Task item = Pictures are to be left out, but please repeat each record exactly.

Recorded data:
┄┄┄┄┄┄

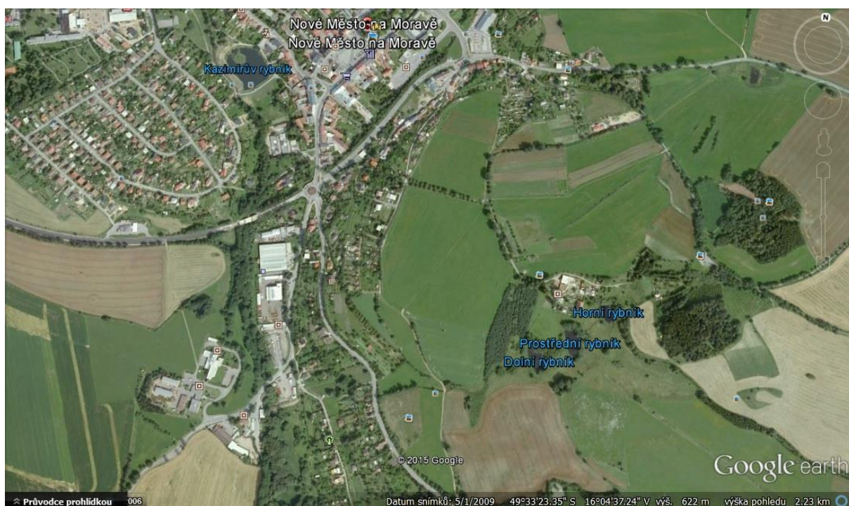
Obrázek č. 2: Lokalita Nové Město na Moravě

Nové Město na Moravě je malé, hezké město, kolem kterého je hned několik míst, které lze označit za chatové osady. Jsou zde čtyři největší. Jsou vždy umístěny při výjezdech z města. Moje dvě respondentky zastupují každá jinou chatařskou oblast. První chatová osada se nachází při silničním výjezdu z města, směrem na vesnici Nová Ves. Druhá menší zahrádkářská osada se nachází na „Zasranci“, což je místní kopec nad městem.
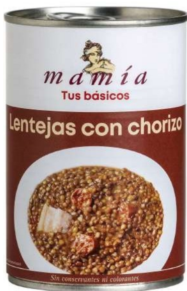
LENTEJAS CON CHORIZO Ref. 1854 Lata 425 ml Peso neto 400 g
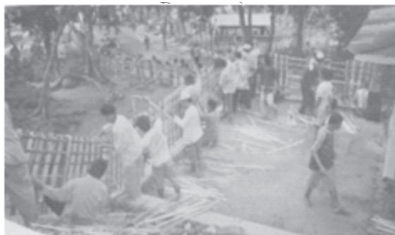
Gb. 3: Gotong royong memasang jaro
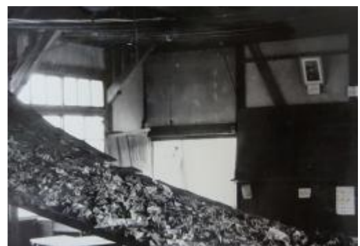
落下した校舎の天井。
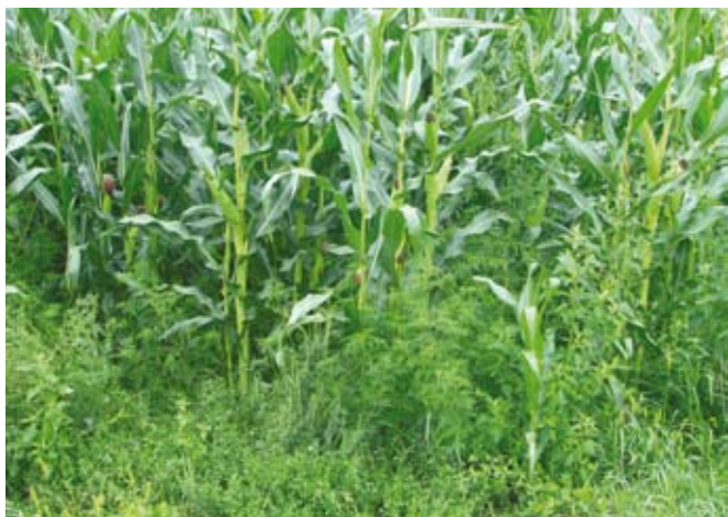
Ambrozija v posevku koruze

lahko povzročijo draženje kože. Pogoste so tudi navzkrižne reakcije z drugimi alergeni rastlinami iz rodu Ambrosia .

┄┄┄┄┄┄

Response =
Obrázek č. 2: Lokalita Nové Město na Moravě

Nové Město na Moravě je malé, hezké město, kolem kterého je hned několik míst, které lze označit za chatové osady. Jsou zde čtyři největší. Jsou vždy umístěny při výjezdech z města. Moje dvě respondentky zastupují každá jinou chatařskou oblast. První chatová osada se nachází při silničním výjezdu z města, směrem na vesnici Nová Ves. Druhá menší zahrádkářská osada se nachází na „Zasranci“, což je místní kopec nad městem.
LENTEJAS CON CHORIZO Ref. 1854 Lata 425 ml Peso neto 400 g
Gb. 3: Gotong royong memasang jaro
落下した校舎の天井。
Ambrozija v posevku koruze

lahko povzročijo draženje kože. Pogoste so tudi navzkrižne reakcije z drugimi alergeni rastlinami iz rodu Ambrosia .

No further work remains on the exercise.